Source material
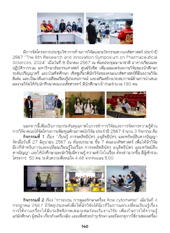 การวิจัย คณะได้จัดโครงการเพิ�มพูนศักยภาพนักวิจัย ประจำาปี 2567 จำานวน 3 กิจกรรม คือ - โครงการให้คำาปรึกษาด้านยาแก่ผู้ป่วย และบริการวิชาการแก่บุคลากร
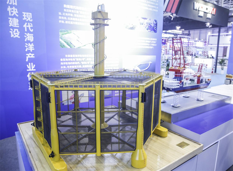 除了这一钻井平台,在去年东亚海博会上惊艳全场的“深蓝1号”网箱,如今,迎来了它的2.0版本——“深蓝2号”。据介绍,“深蓝2号”是基于“深蓝1号”的更新升级产品,单个网箱养殖水体为9万立方米,使用寿命增至30年,分别较“深蓝1号”扩大80%、延长50%。自动化、智能化、信息化程度显著提高,年养殖产能可达1800吨。
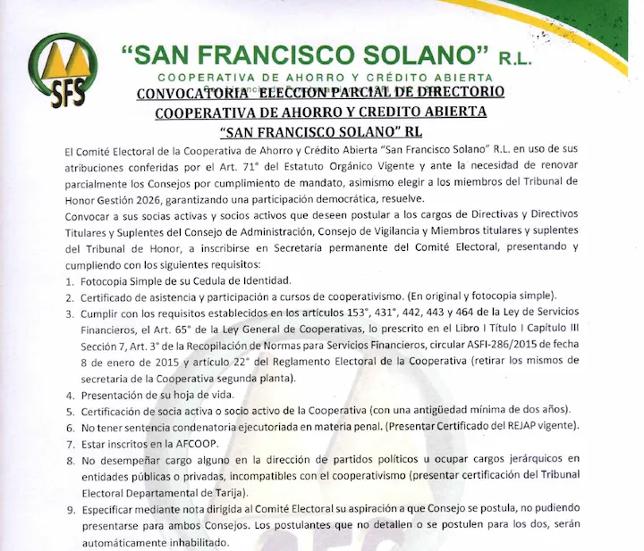 Convocatoria Elección Parcial de Directorio
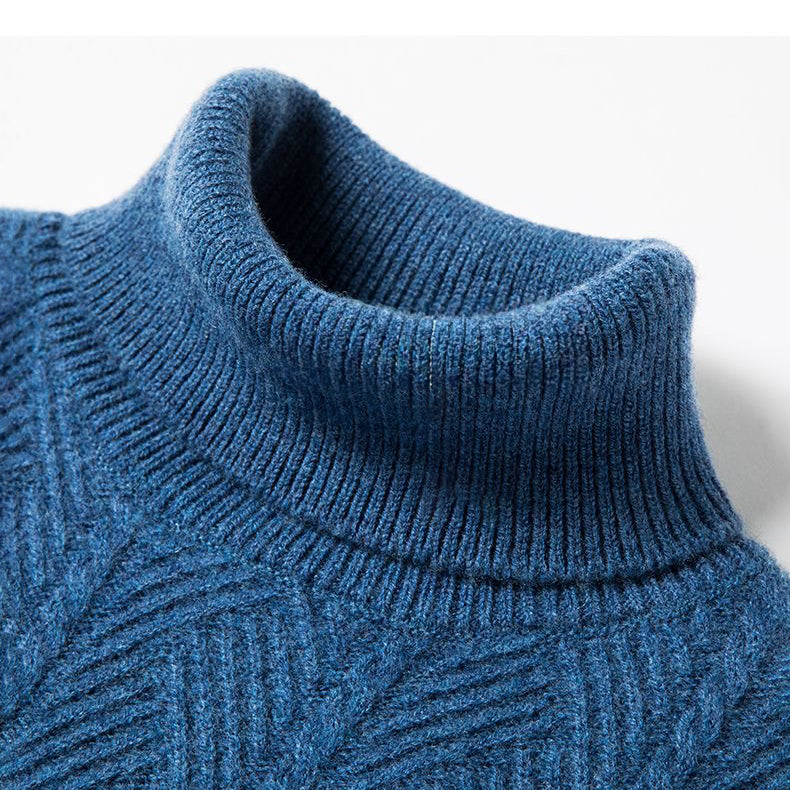 Experience warmth and comfort in a timeless and versatile garment. Our Men's Wool Cashmere Soft Turtleneck Sweater is the perfect addition to your wardrobe.
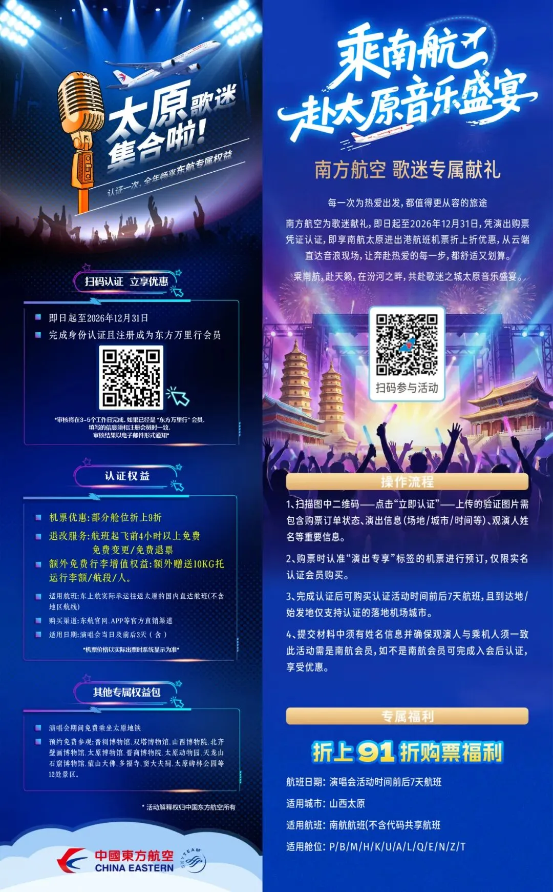 为降低外地歌迷抵并成本,提升出行体验,太原联合中国南方航空、中国东方航空重磅推出歌迷专享航空福利。凡持有2026年太原演唱会门票的歌迷,购票时完成身份核验后,即可享受指定航班机票折上折优惠,真正实现“省钱赴约,轻松出行”。

Your task
The output consists of exactly the lines from the one containing "Experience warmth and" through the last line of the listing, both included, with no pictures.

Solution
 Experience warmth and comfort in a timeless and versatile garment. Our Men's Wool Cashmere Soft Turtleneck Sweater is the perfect addition to your wardrobe.
 为降低外地歌迷抵并成本,提升出行体验,太原联合中国南方航空、中国东方航空重磅推出歌迷专享航空福利。凡持有2026年太原演唱会门票的歌迷,购票时完成身份核验后,即可享受指定航班机票折上折优惠,真正实现“省钱赴约,轻松出行”。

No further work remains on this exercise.